6 Ohio Law. Abs. 450 | Ohio Ct. App. | 1928

FUNK, J.

“It is contended that the order and judgment was given for the defendant when the same should have been given for plaintiff; that it is contrary to law, and that the court erred in overruling the motion for new trial.

It appears from the record that the father owns a comfortable home, and there is evidence to the effect that this son was always welcome in that home, where a room was provided for him; and for aught that appears in this record, the father has ever been ready and willing to support his son in the home whenever he desired to be there.

The record further discloses that this minor son was 20 years old on Oct. 25, 1927, and was, at the time of the hearing below concerning his support, earning about $65 per month.

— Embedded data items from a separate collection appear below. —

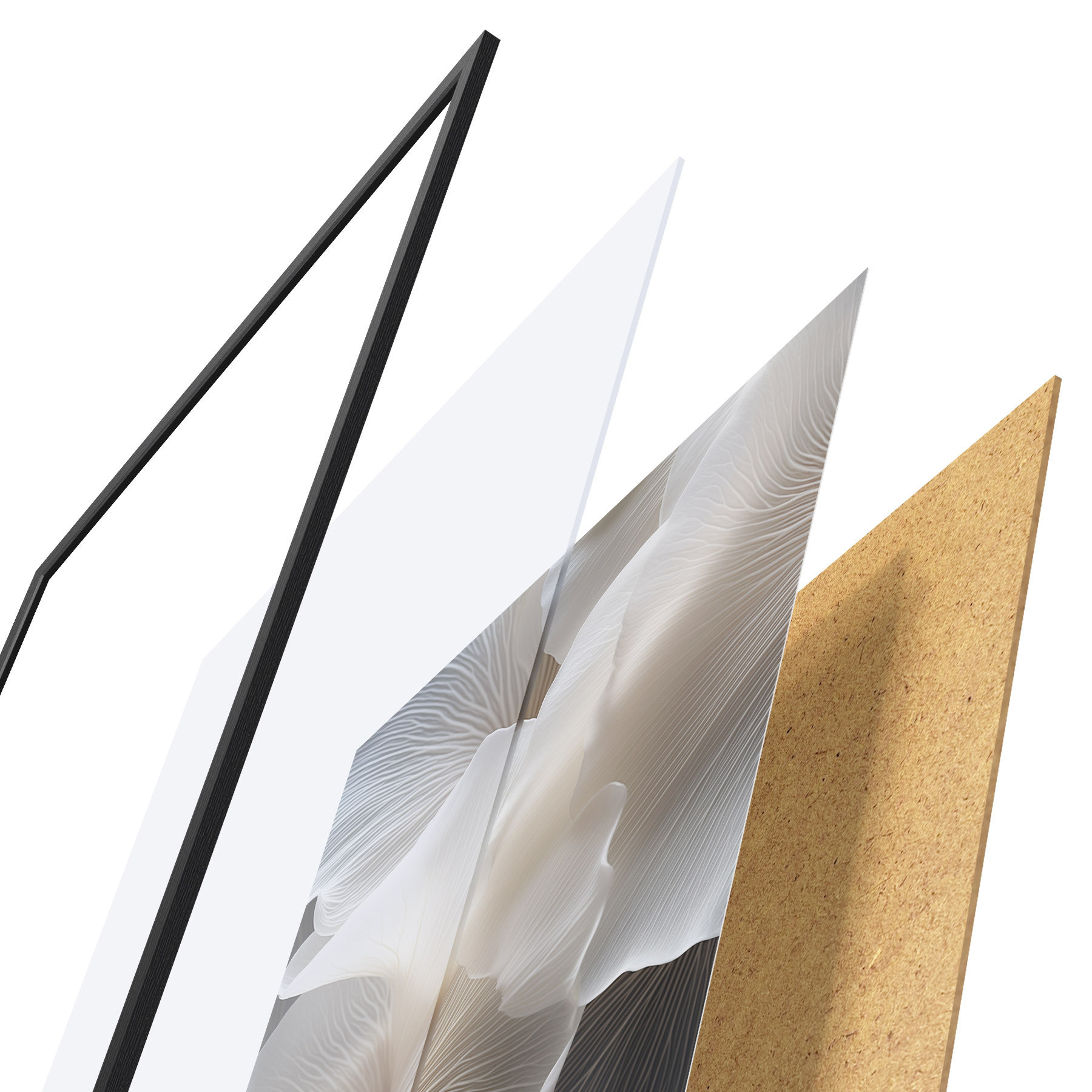 El póster consta de marco, plexiglás, imagen impresa y soporte de aglomerado. El póster puede colgarse inmediatamente en la pared gracias a los soportes de la parte posterior.
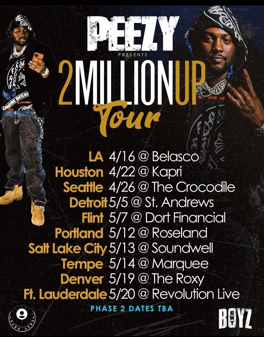 2 Million Up the hit single from Peezy has more legs than a caterpillar, Good music last, and 2 Millon up is making its way across the country. With that said Peezy has officially announced hit 2 Million up tour currently with 10 dates with more to be added coming soon. Make sure you tap in when he comes to a town near you.
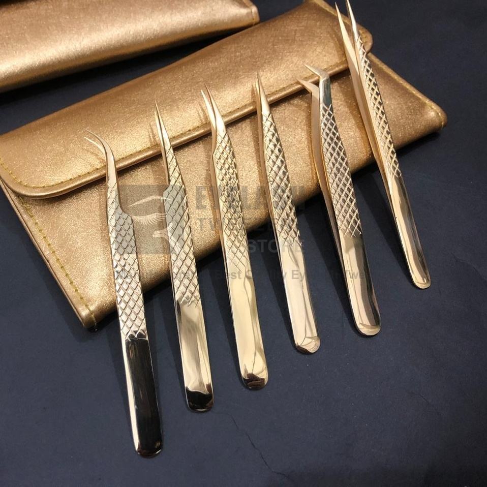 Pinzas de extensión de pestañas de acero inoxidable sostenibles japonesas con acabado brillante chapado en oro y logotipo personalizado de ASB, Diamante probado a mano
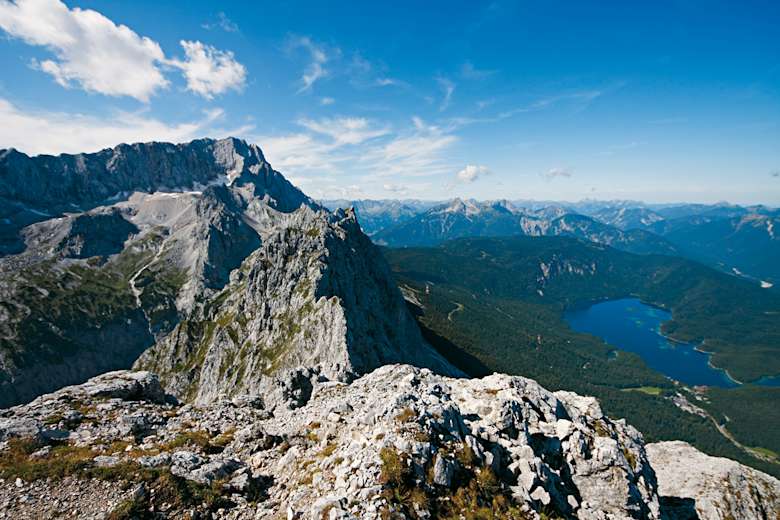 Die Besteigung beginnt wie bei der Zugspitze mit der wildromantischen Höllentalklamm – eine berauschende Ouvertüre! Am Höllentalanger klinkt man sich aus und laviert in den von unten kaum einschätzbaren Steilflanken immer höher, bis man nach der Schlüsselpassage in der Waxensteinrinne gipfelwärts gelangt. Im Kontrast zum wild umkränzten Höllentalkessel (mit dem Jubiläumsgrat im Profil!) öffnet sich jetzt auch die Schau über das Loisachtal und tief hinab zum Eibsee.
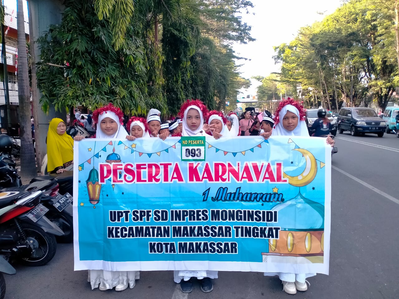 BN Online, Makassar-–UPT SPF SD Inpres Mongisidi yang berlokasi di Kecamatan Makassar Kota Makassar mengikuti dan meriahkan kegiatan Karnaval 1 Muharram 1445 Hijriah yang dibuka oleh Kadis Pendidikan Kota Makassar Muhyiddin.
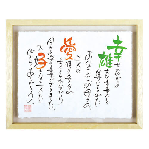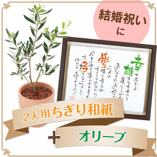 夫婦の契り(ちぎり)をちぎり和紙で表現したポエムに、幸せを呼ぶオリーブの木を添えて。

There is no claim- that he was sick or disabled in any way or unable to work and earn a living the same as any other 20-year-old boy.

From a reading of the record and the opinion of the court below, which is made a part of the record, the order and judgment of the court, as it appears in the journal entry, is substantially an order to pay a definite amount to support a 20-year-old minor son in college, who is admittedly able to work and support himself — as the order and judgment is wholly upon condition that he attend a designated college; there being no order for his .support if he does not attend said college.

The sole question at issue in this case is whether or not the court, having jurisdiction of the custody and care of this minor in the divorce case, can require the father* to support this 20-year-old minor son in college after he is past the compulsory school age and has had all and more education than is required under the compulsory school age law.

We find no law requiring a parent to send a minor child to college. While it is a laudable act on the part of a parent to send his child to college, especially where such child has the desire to go and the ability to profit by it, we know of no law substituting the judgment of the court for that of the parent as to whether or not the parent shall send his child to college after such child has had more education than the compulsory school law requires and the child is past the compulsory school age. The question of the mere support of this minor is not presented by this record, as it discloses that the father had a comfortable home where this minor was welcome whenever he desired to be there.

Applying the above-mentioned laws and rules to the undisputed facts in this case — the legislature having established a compulsory school age and provided that when a child has graduated from a first grade high school that it shall not be required longer to attend school — ■ we are of the opinion that the order and judgment of the court below is contrary to law, and the same is therefore reversed and final judgment entered in favor of the plaintiff below.

An entry may be prepared according."

Washburn, PJ., and Pardee, J., concur.